Saved entries:
[Start of Attachment]
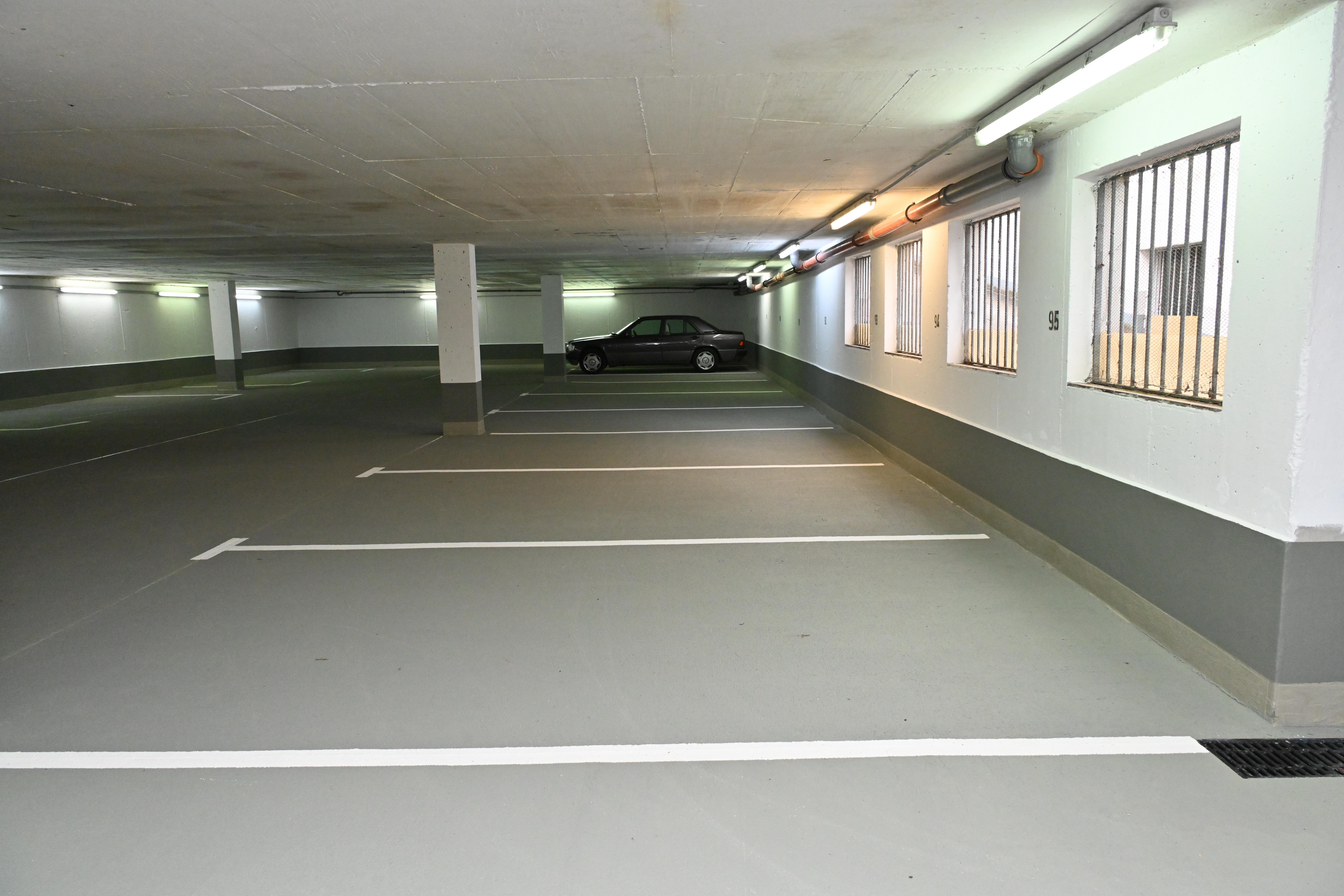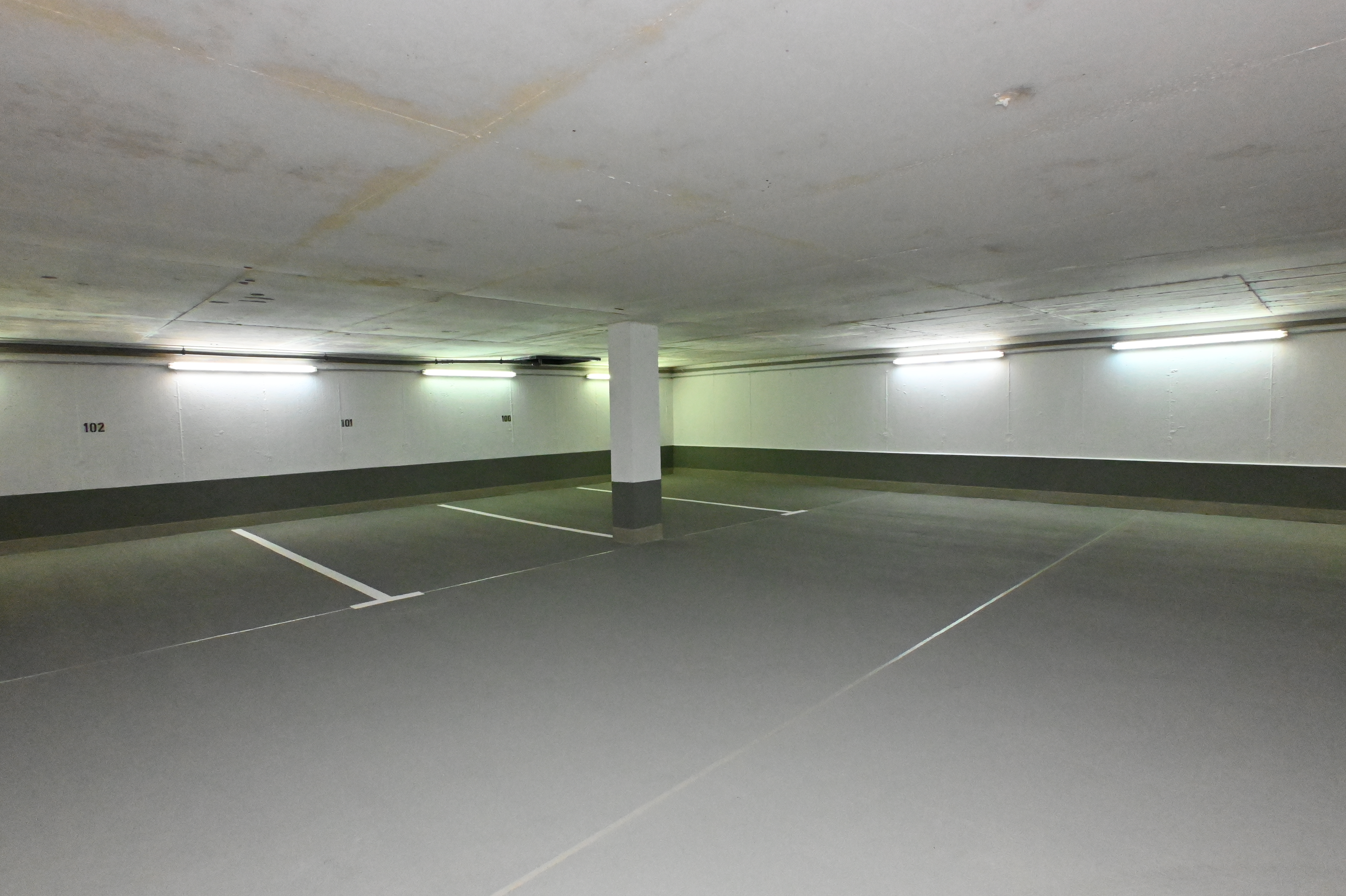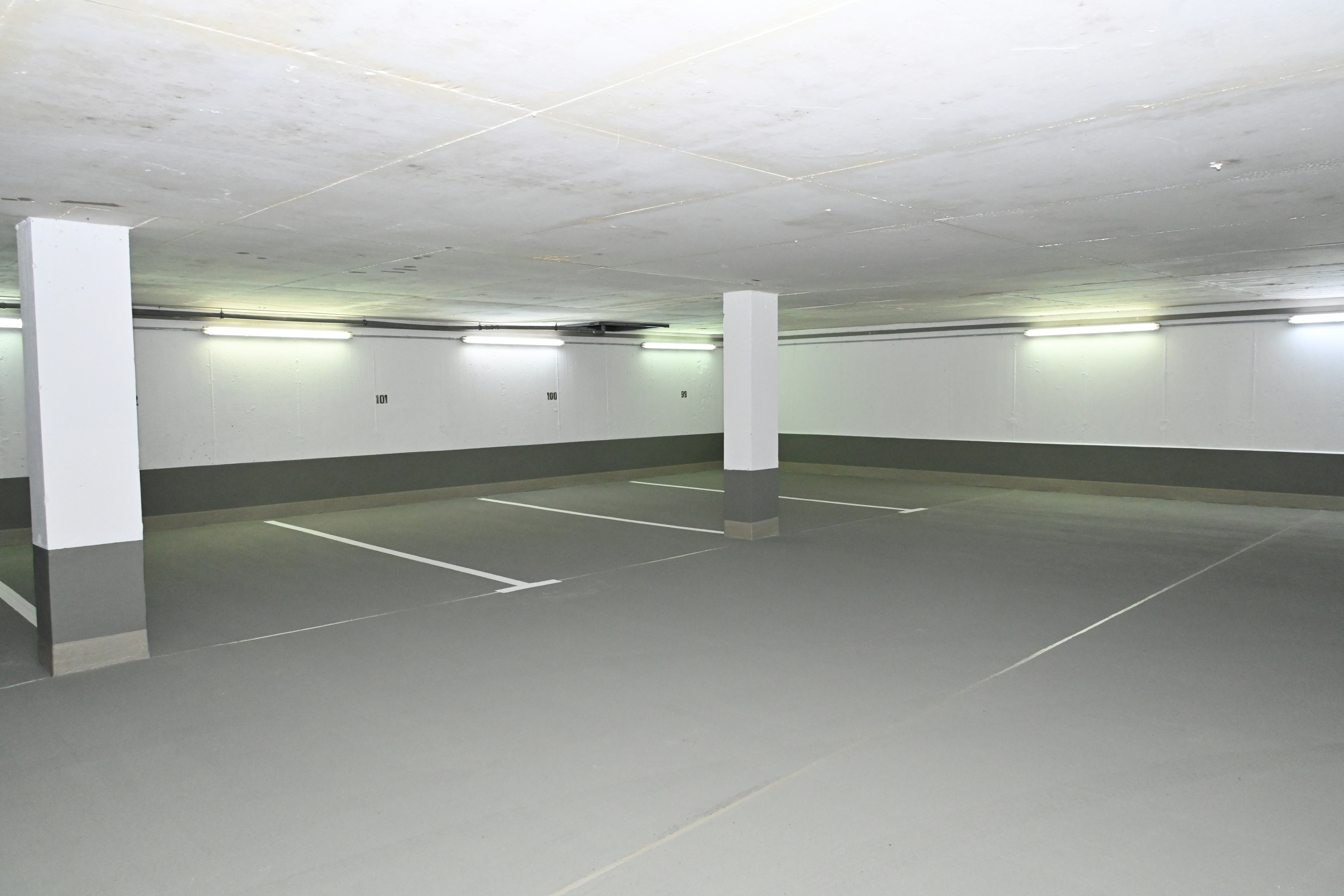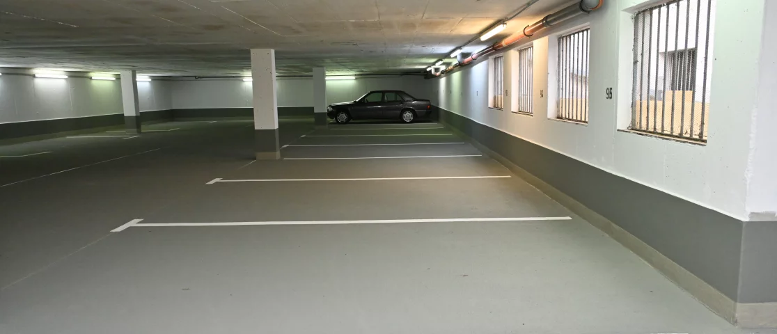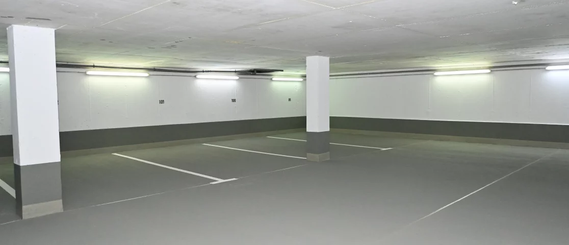 Im Rahmen der Instandsetzung der Tiefgarage Ricarda-Huch-Straße in Oldenburg wurde die Beschichtung der Tiefgarage auf der Bodenfläche sowie im Spritzwasserbereich von Wänden und Stützen vollständig erneuert.
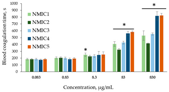 Blood recalcification time (s) during incubation with NMIC derivatives. * p < 0.05—the reliability of differences with the indications in the control without adding samples (0 mg/mL; 187.19 ± 10.76 c); n = 6.
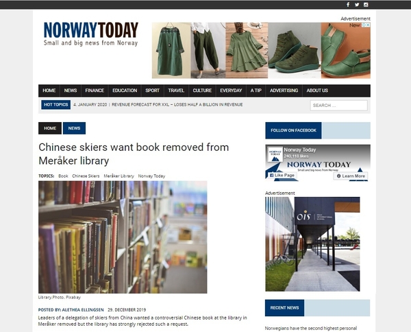 노르웨이 투데이는 “중공 스키팀의 핵심 인사들이 논란에 휩싸인 중국어 책을 메로커 도서관에서 치워달라고 요구했으나 해당 도서관은 요구를 일축했다”고 보도했다.
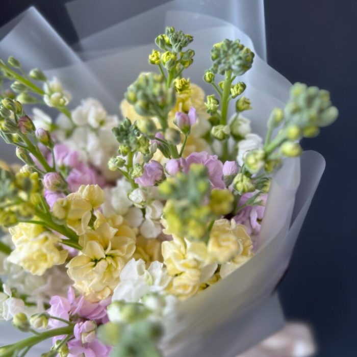 Маттиола – 15 шт.Атласная лента – 1 шт.декоративная упаковка – 1 шт.
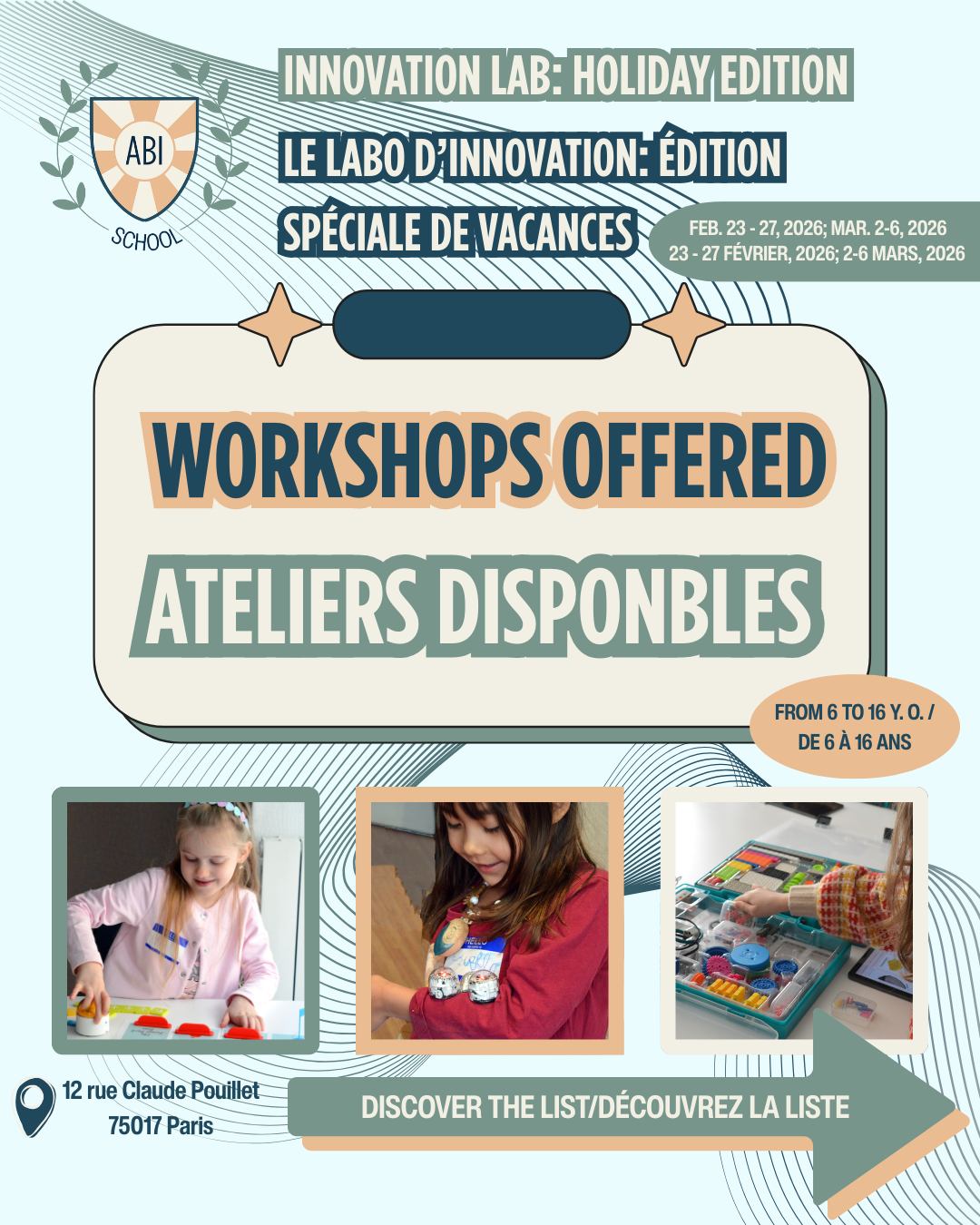 Faites défiler pour découvrir TOUS les ateliers incroyables que votre enfant peut explorer les 23-27 février 2026 et les 2-6 mars 2026 ! 🚀
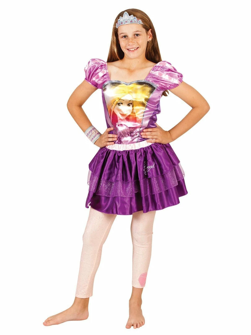 “Rapunzel, Rapunzel, let down your hair!” yells the dashing Huntsman Flynn Ryder. The Princess of Disney’s animated film “Tangled” (2010) with the famous long blonde, magical hair, Rapunzel’s story was inspired by the beautiful fairy tale from the Brothers Grimm. With chameleon friend Pascal by her side, she is locked in Mother Gothel’s secluded tower, awaiting her freedom. And along rides the rugged Eugene on his side-kick horse Maximus, to win the heart of the golden Princess. Together they must escape Rapunzel’s wicked mother and Eugene’s criminal past. For every girl who dreams big, there is a Princess to show her the way. So start living and achieving your dreams in this radiant Rapunzel costume top. Only you have the choice Princess, start living now!
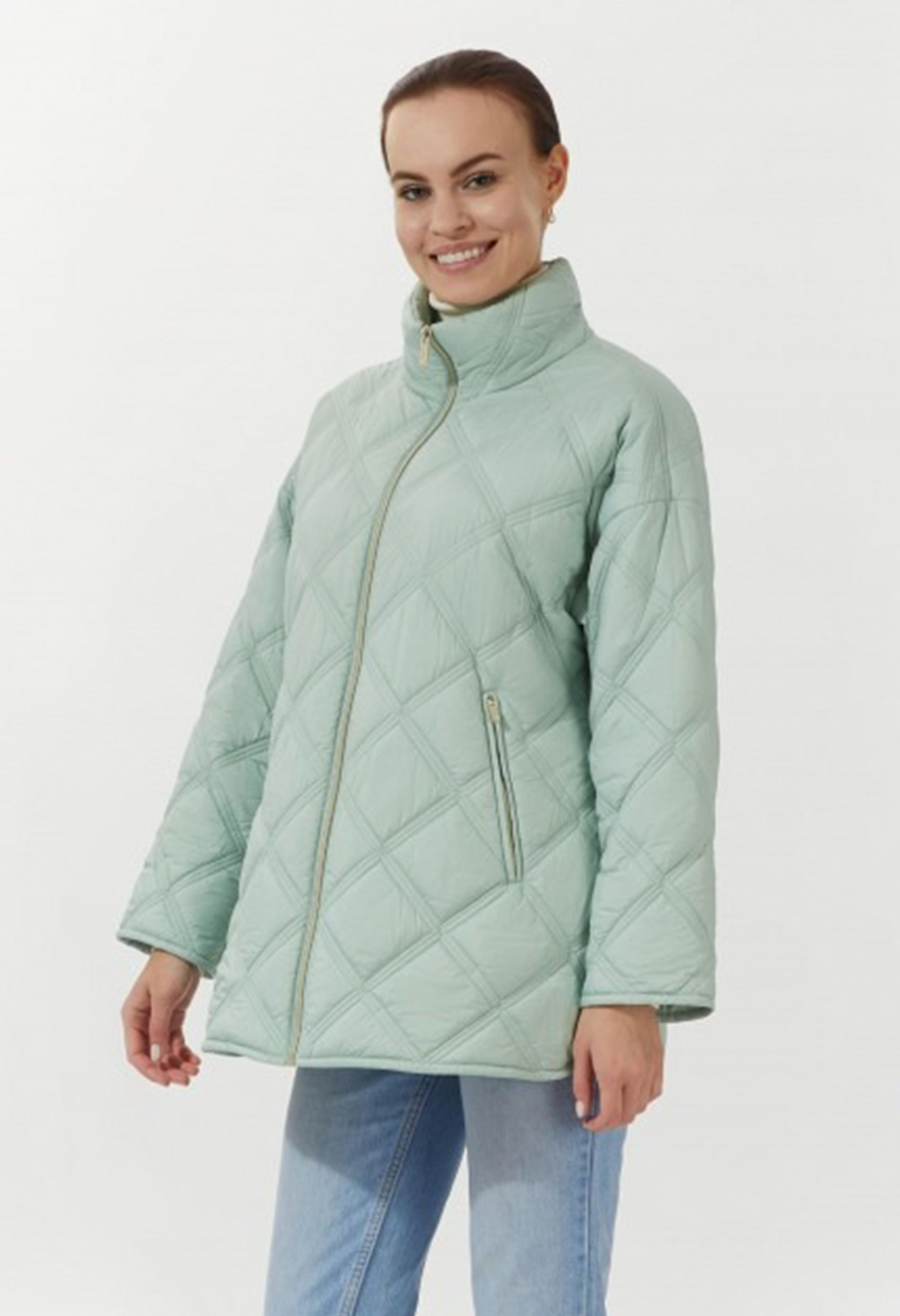 Куртка женская укороченная силуэта трапеция и разрезами по боковым швам. Выполнена из стеганной водоотталкивающей ткани микрофибра. Застежка по борту и карманы на молнии, воротник- стойка.
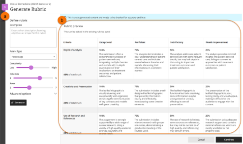 When the Generate Rubrics, screen opens, a rubric that will automatically generate in the Rubric preview area (b).
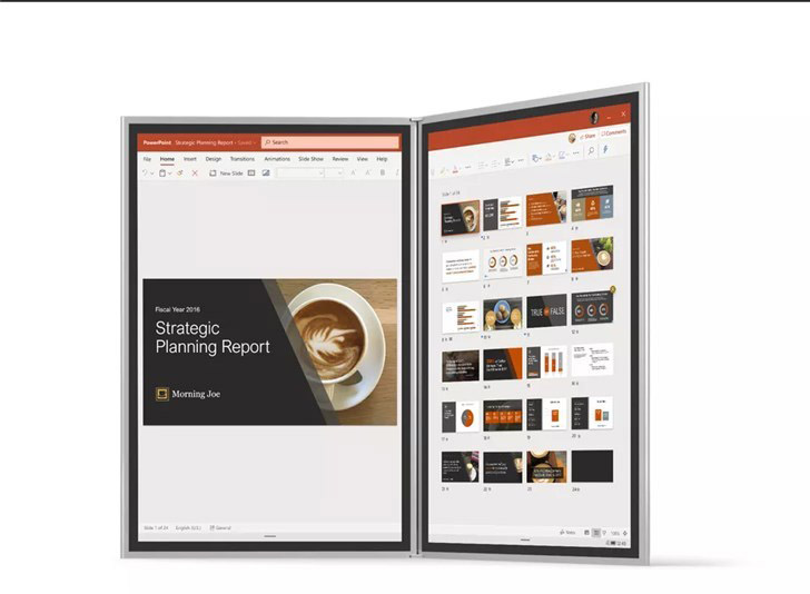 微软设想人们在各种情况下使用这些设备,其中某些情况甚至与人们当前使用笔记本电脑的方式相同。你可以旋转设备,应用程序和内容将智能地重排。微软的office应用程序甚至通过在powerpoint中添加幻灯片列表之类的东西来巧妙地利用第二显示屏。
[End of Attachment]
§ WHAT IS BEING ASKED
All of the entries above are to be written out exactly, with no pictures.

§ WRITTEN SOLUTION
 Im Rahmen der Instandsetzung der Tiefgarage Ricarda-Huch-Straße in Oldenburg wurde die Beschichtung der Tiefgarage auf der Bodenfläche sowie im Spritzwasserbereich von Wänden und Stützen vollständig erneuert.
 Blood recalcification time (s) during incubation with NMIC derivatives. * p < 0.05—the reliability of differences with the indications in the control without adding samples (0 mg/mL; 187.19 ± 10.76 c); n = 6.
 노르웨이 투데이는 “중공 스키팀의 핵심 인사들이 논란에 휩싸인 중국어 책을 메로커 도서관에서 치워달라고 요구했으나 해당 도서관은 요구를 일축했다”고 보도했다.
 Маттиола – 15 шт.Атласная лента – 1 шт.декоративная упаковка – 1 шт.
 Faites défiler pour découvrir TOUS les ateliers incroyables que votre enfant peut explorer les 23-27 février 2026 et les 2-6 mars 2026 ! 🚀
 “Rapunzel, Rapunzel, let down your hair!” yells the dashing Huntsman Flynn Ryder. The Princess of Disney’s animated film “Tangled” (2010) with the famous long blonde, magical hair, Rapunzel’s story was inspired by the beautiful fairy tale from the Brothers Grimm. With chameleon friend Pascal by her side, she is locked in Mother Gothel’s secluded tower, awaiting her freedom. And along rides the rugged Eugene on his side-kick horse Maximus, to win the heart of the golden Princess. Together they must escape Rapunzel’s wicked mother and Eugene’s criminal past. For every girl who dreams big, there is a Princess to show her the way. So start living and achieving your dreams in this radiant Rapunzel costume top. Only you have the choice Princess, start living now!
 Куртка женская укороченная силуэта трапеция и разрезами по боковым швам. Выполнена из стеганной водоотталкивающей ткани микрофибра. Застежка по борту и карманы на молнии, воротник- стойка.
 When the Generate Rubrics, screen opens, a rubric that will automatically generate in the Rubric preview area (b).
 微软设想人们在各种情况下使用这些设备,其中某些情况甚至与人们当前使用笔记本电脑的方式相同。你可以旋转设备,应用程序和内容将智能地重排。微软的office应用程序甚至通过在powerpoint中添加幻灯片列表之类的东西来巧妙地利用第二显示屏。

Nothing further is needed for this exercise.